Karpenter Overview
Karpenter is an open‑source, node provisioning engine for Kubernetes that dynamically launches right‑sized compute instances based on real‑time pod demand. By integrating directly with cloud provider APIs, it eliminates the need for pre‑defined Auto Scaling groups, delivering faster scaling, higher utilization, and lower cost.

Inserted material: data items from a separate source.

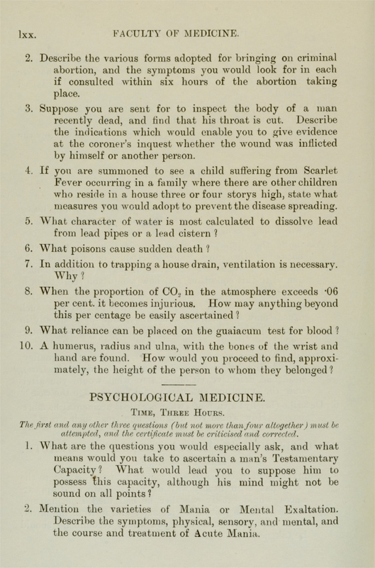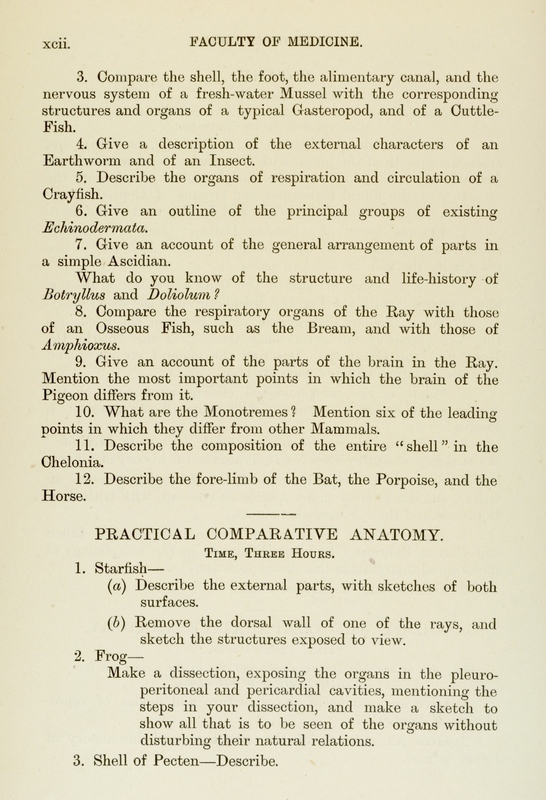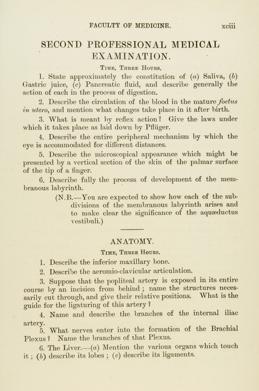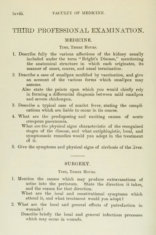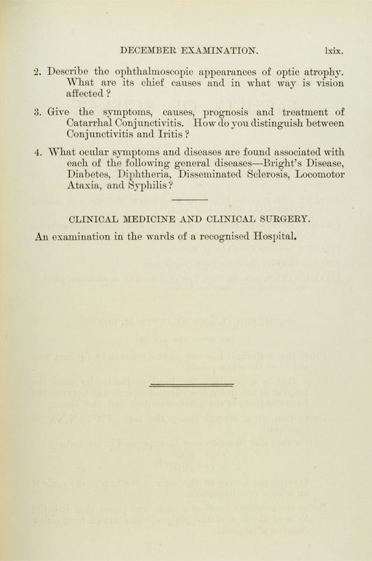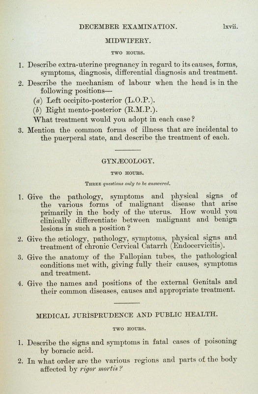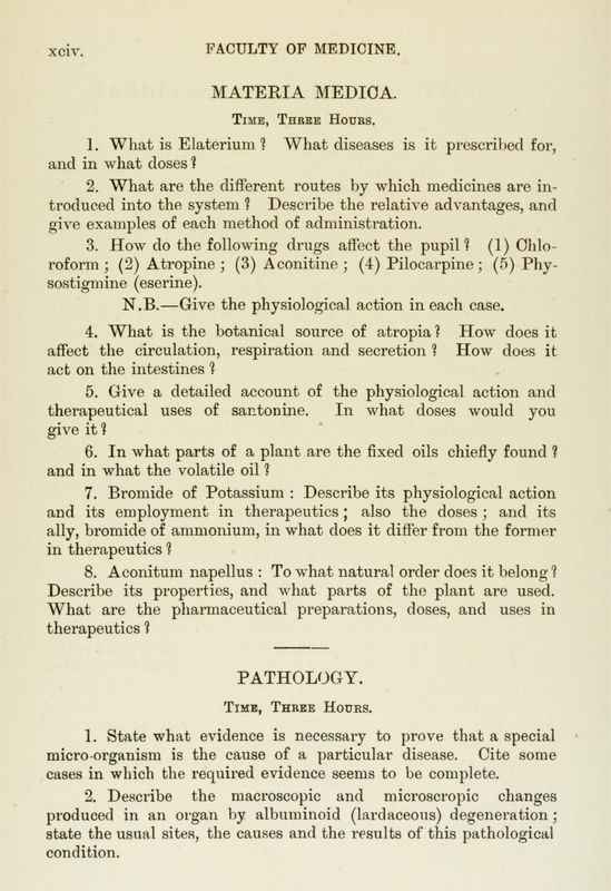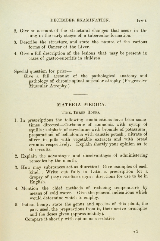 These exam papers have been copied from the University Calendars. They provide a fascinating overview of the varied curriculum in the early days of the Faculty.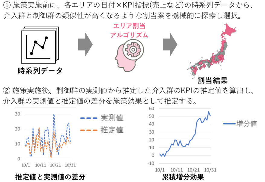 ①施策実施前に、各エリアの日付×KPI指標(売上など)の時系列データから、介入群と制御群の類似性が高くなるような割当案を機械的に探索し選択。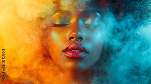 woman, portrait, colourful, vibrant, smoke, orange, blue, dreamy, surreal, beauty, face, closeup, glowing, lighting, dramatic, artistic, mysterious, aethereal, peaceful, serene, expression, creativity, abstract, make-up, lip, eye, afro, hair, fashion, style, bold, modern, aesthetic, atmospheric, sensual, futuristic, dreamlike, elegance, radiant, striking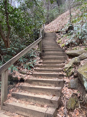 Wir sind danach noch weiter den High Shoals Loop Trail gewandert. Es geht erst wieder viele Stufen hoch, bis man oberhalb des Wasserfalles das Wasser überquert und auf der anderen Seite wieder hinunter wandert.

Migration Challenges at Salesforce Scale
Operating over a thousand Amazon EKS clusters, Salesforce faced growing complexity from thousands of node groups, slow scale‑up latency, and inefficient bin‑packing. These constraints hindered rapid development and increased operational toil, prompting a shift to a more responsive, policy‑driven autoscaling solution.
Legacy Autoscaling Limitations
The traditional Cluster Autoscaler relied on static Auto Scaling groups, causing multi‑minute provisioning delays during traffic spikes and leading to under‑utilized resources. Label length restrictions and rigid volume configurations further complicated migrations.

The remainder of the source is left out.